- Active: March 1943 –1945
- Country: Republic of China (1912–1949)
- Branch: National Revolutionary Army
- Size: 23 March 1943: around 227,345 personnel ;
- Part of: Chinese Expeditionary Force

Commanders
- Notable commanders: Chen Cheng; Long Yun;

= Y-Force =

Nationalist Chinese military division in the Southeast Asian Theater of WWII

Y-Force was the South East Asia Command designation given to Chinese National Revolutionary Army forces that re-entered Burma from Yunnan in 1944 as one of the Allies fighting in Burma Campaign of World War II. It consisted of 175,000 troops divided into 15 divisions.

==History==
===1942===
When the Japanese-Thai invaded Burma (in the first half of 1942), the Chinese Expeditionary Force in Burma, along with the other Allies forces, were forced to retreat back along their lines of communications. Most of the Chinese retreated into China but two divisions (38th and 22nd, plus fragments of three others) retreated into India where they were placed under the command of the American General Joseph Stilwell.

===1943–1944===
After being re-equipped and retrained, the Chinese divisions designated X Force formed the majority of front line forces available to Stilwell when he advanced into Northern Burma in October 1943. His intention was to capture Northern Burma and reopen land communications with China via a new spur to the Burma Road called the Ledo Road.

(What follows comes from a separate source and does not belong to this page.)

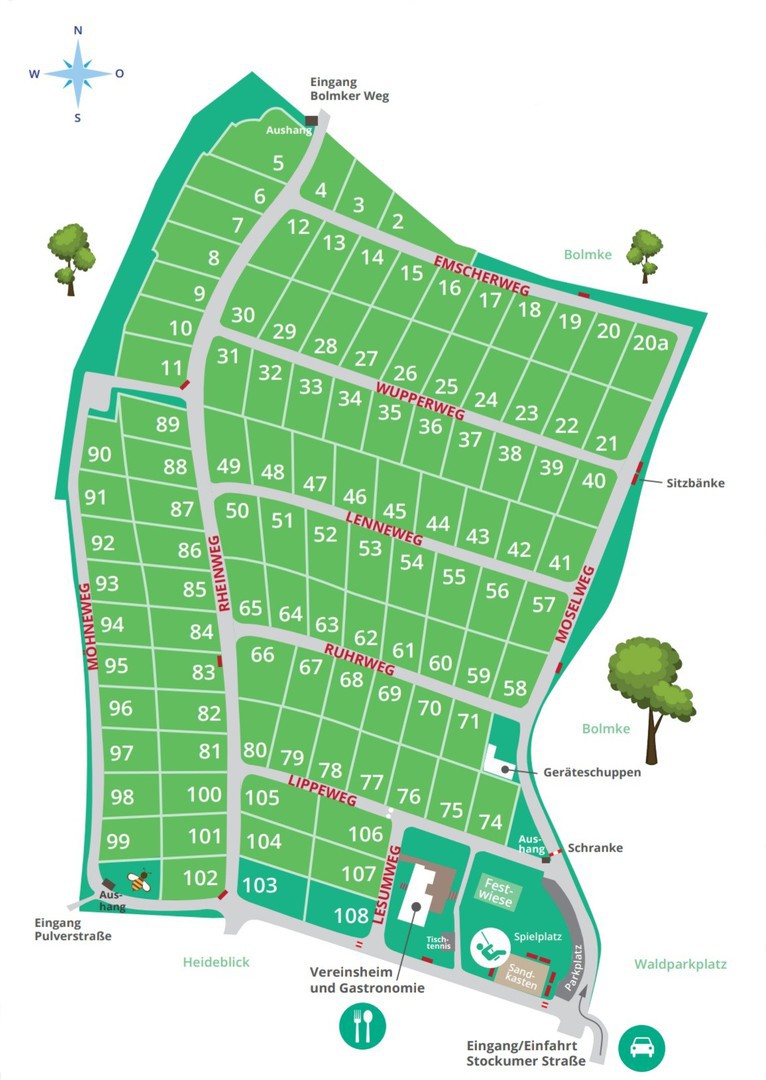 Herzlich Willkommen in unserem Kleingartenverein im Dortmunder Süden mit 106 Gärten in der ruhigen Waldgegend der Bolmke.

In support of Stilwell's offensive, in the second half of April 1944, Y-Force mounted an attack on the Yunnan front. Nearly 75,000 troops crossed the Salween river on a 300 km front. Soon some fifteen Chinese divisions of 175,000 men, under General Wei Lihuang, were attacking the Japanese 56th Division. The Japanese forces in the North were now then fighting on two fronts in northern Burma.

By the end of May the Yunnan offensive, though hampered by the monsoon rains and lack of air support, succeeded in annihilating the garrison of Tengchung and eventually reached as far as Lungling. Strong Japanese reinforcements then counter-attacked and halted the Chinese advance.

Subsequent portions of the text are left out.